• Instructions to follow: Leaving out the images, repeat all the lines below exactly.

• Collected material:

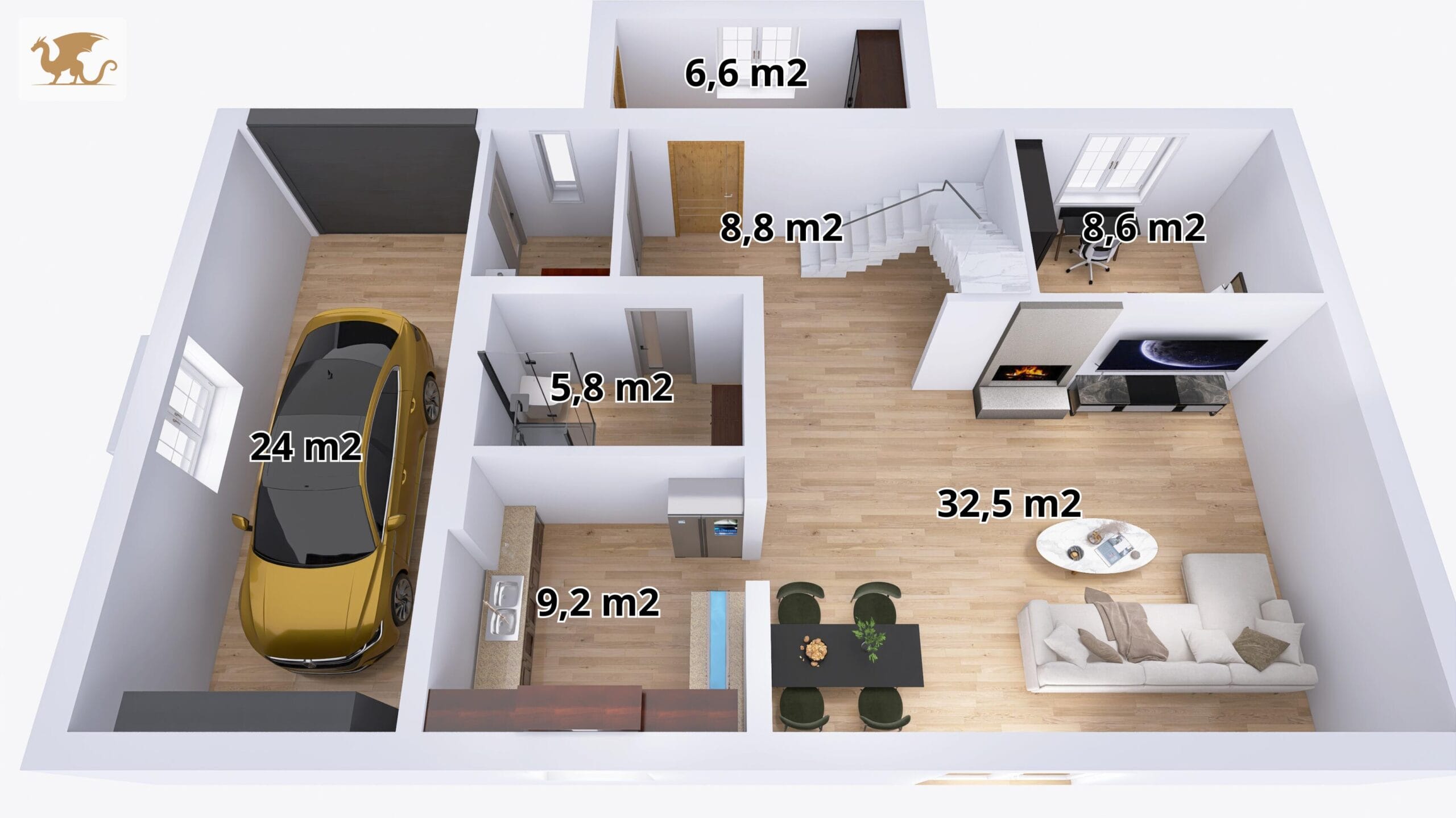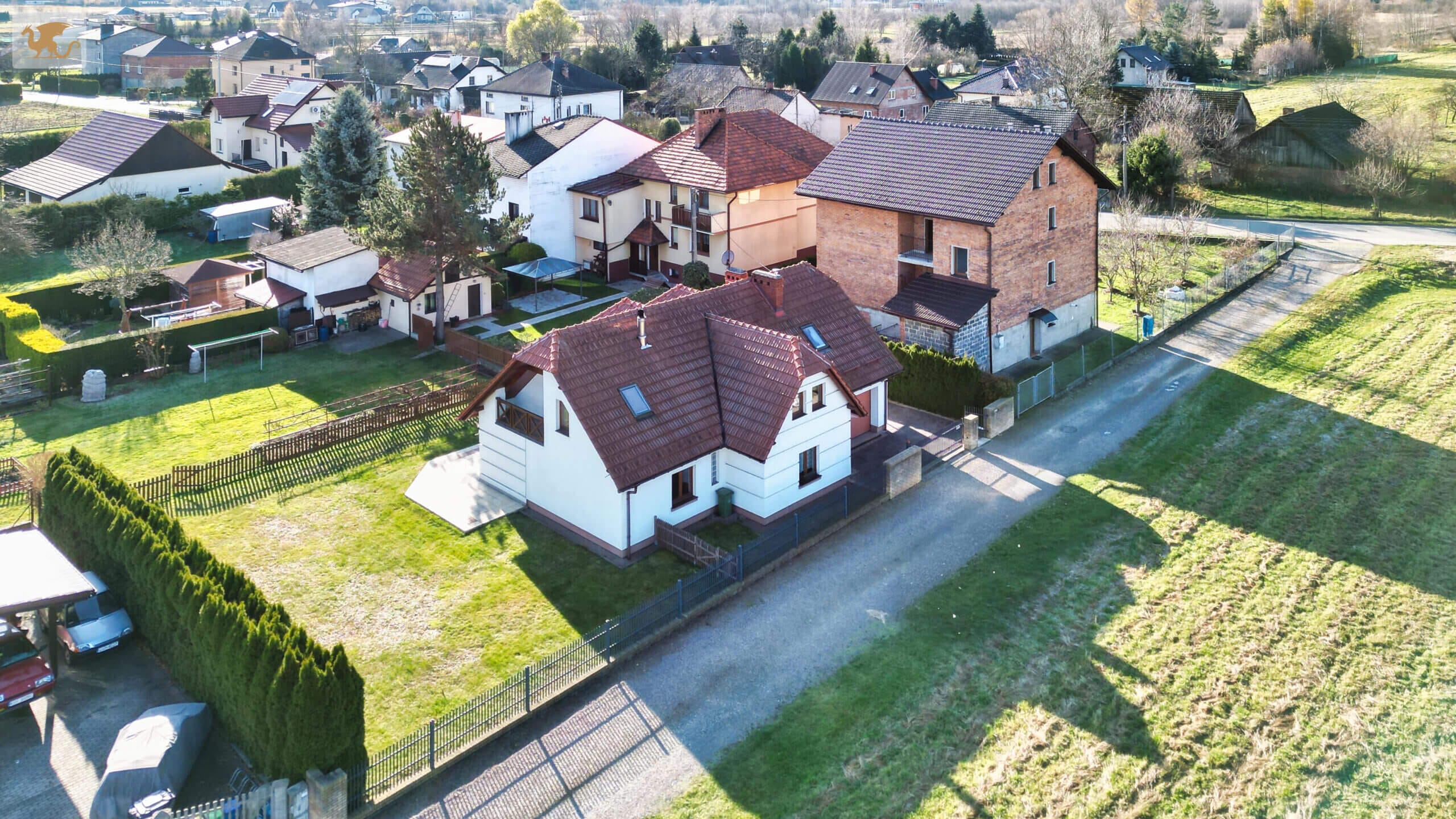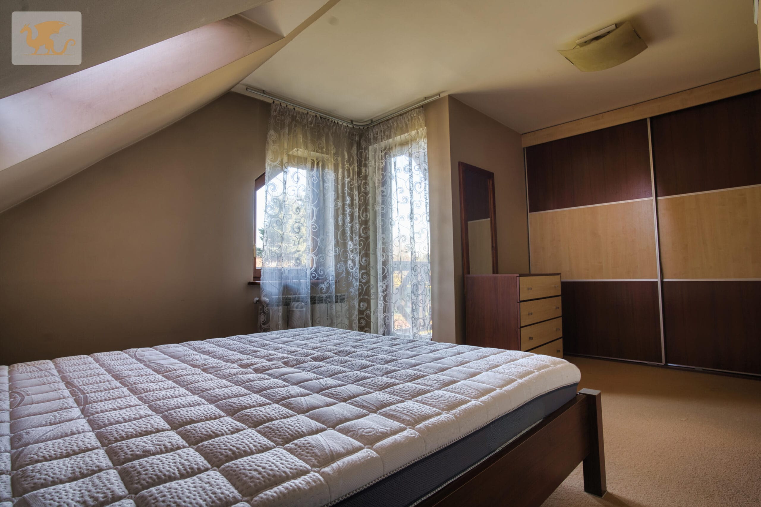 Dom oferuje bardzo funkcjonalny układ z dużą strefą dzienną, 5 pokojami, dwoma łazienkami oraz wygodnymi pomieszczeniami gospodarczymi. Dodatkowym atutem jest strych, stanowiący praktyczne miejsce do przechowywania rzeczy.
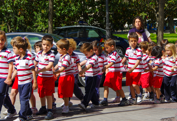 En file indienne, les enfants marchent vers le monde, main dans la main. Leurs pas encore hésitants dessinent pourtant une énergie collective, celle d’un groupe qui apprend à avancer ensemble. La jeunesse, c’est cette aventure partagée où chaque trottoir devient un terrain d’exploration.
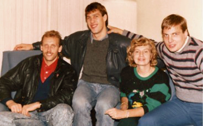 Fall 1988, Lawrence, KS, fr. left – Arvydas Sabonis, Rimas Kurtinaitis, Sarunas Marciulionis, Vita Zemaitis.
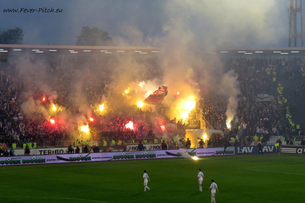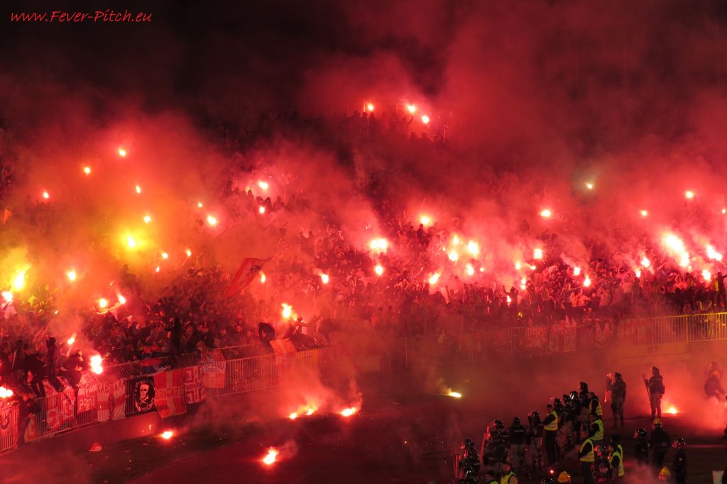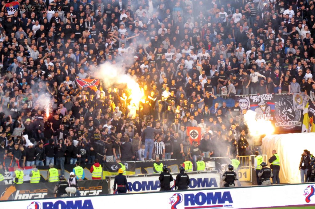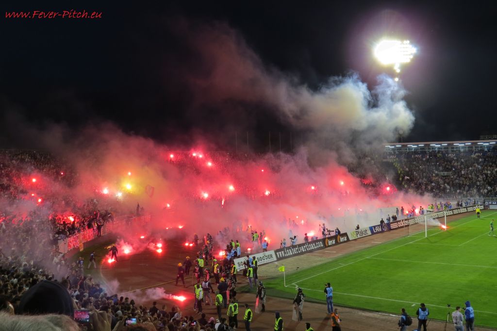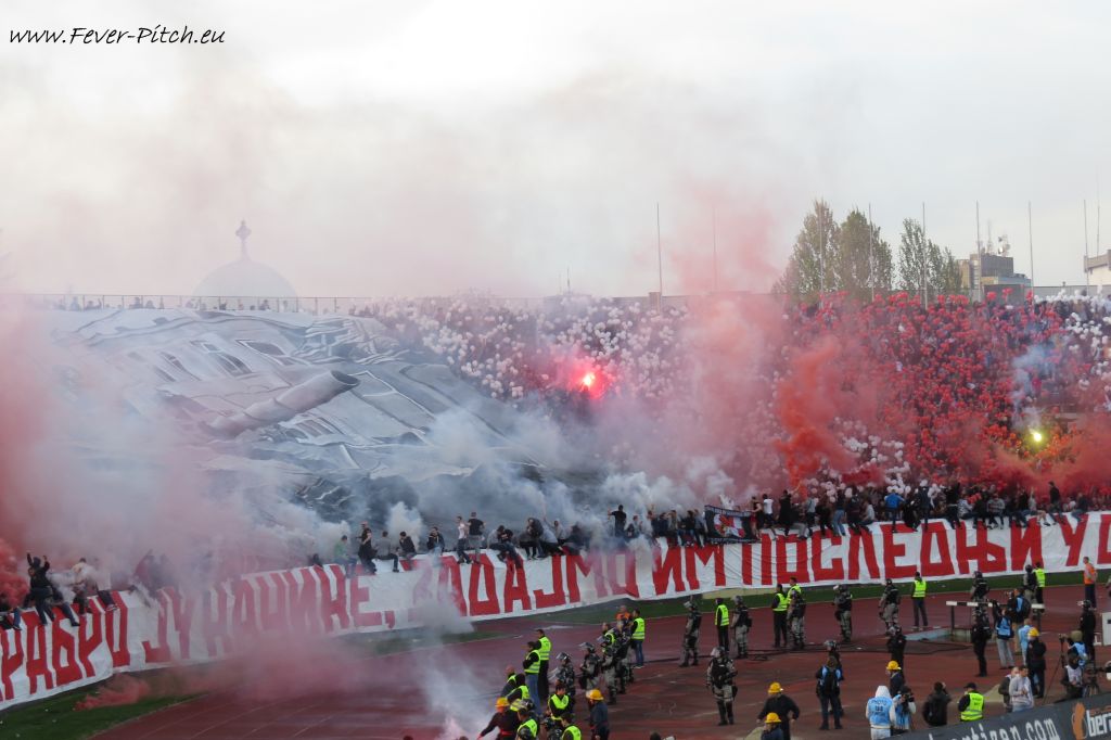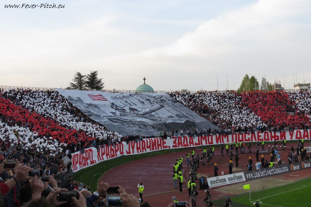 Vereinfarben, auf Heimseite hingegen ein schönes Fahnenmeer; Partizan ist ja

• Answer below:
 Dom oferuje bardzo funkcjonalny układ z dużą strefą dzienną, 5 pokojami, dwoma łazienkami oraz wygodnymi pomieszczeniami gospodarczymi. Dodatkowym atutem jest strych, stanowiący praktyczne miejsce do przechowywania rzeczy.
 En file indienne, les enfants marchent vers le monde, main dans la main. Leurs pas encore hésitants dessinent pourtant une énergie collective, celle d’un groupe qui apprend à avancer ensemble. La jeunesse, c’est cette aventure partagée où chaque trottoir devient un terrain d’exploration.
 Fall 1988, Lawrence, KS, fr. left – Arvydas Sabonis, Rimas Kurtinaitis, Sarunas Marciulionis, Vita Zemaitis.
 Vereinfarben, auf Heimseite hingegen ein schönes Fahnenmeer; Partizan ist ja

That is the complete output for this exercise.